Member of the Wisconsin State Assembly from the 96th district
- In office January 3, 2005 – January 7, 2019
- Preceded by: DuWayne Johnsrud
- Succeeded by: Loren Oldenburg

Personal details
- Born: July 31, 1952 (age 73) La Crosse, Wisconsin, U.S.
- Party: Republican
- Spouse: Laura
- Children: 3
- Profession: Dairy farmer

= Lee Nerison =

American politician (born 1952)

Lee A. Nerison (born July 31, 1952) is an American dairy farmer and retired politician. He served in the Wisconsin State Assembly for seven terms, from 2005 until 2019. A Republican, he represented southern suburbs of La Crosse as well as Crawford and Vernon counties and the southern half of Monroe County.

==Biography==
Born in La Crosse, Wisconsin, Nerison is in the agricultural business and lives in Westby, Wisconsin.

Nerison was first elected to the Assembly in 2004. In the Assembly, he was the Chair of the Committee on Agriculture. He was also a member of the Committee on Natural Resources and the Committee on Veterans and Military Affairs.

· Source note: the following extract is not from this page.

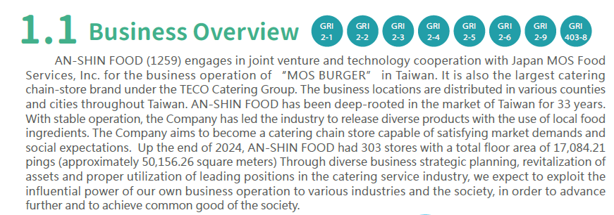 • Joint venture with MOS Food Services, Inc. from Japan and establish An-Shin Food Services Ltd., which capital worth NTD$80 million.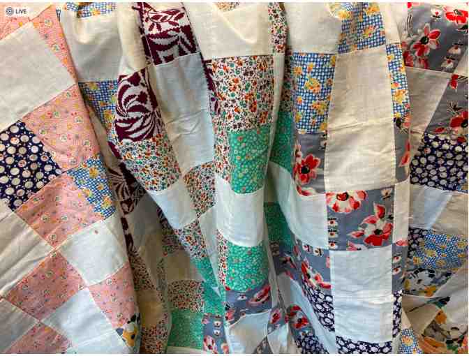 Here is a lovely machine-sewn, pieced quilt top that measures 74" by 82". It is aching to be made into a quilt. The fabrics are cheerful and extraordinary, and are reminiscent of summer dresses of yesteryear. The fabrics are all cotton

On February 25, 2011, in the midst of the 2011 Wisconsin protests, Nerison was one of only four Republicans in the Wisconsin Assembly to vote against Governor Scott Walker's controversial budget repair bill.

In March 2018, Nerison announced that he would be retiring from the Wisconsin State Assembly at the end of the 2017–2018 term. He left office January 3, 2019.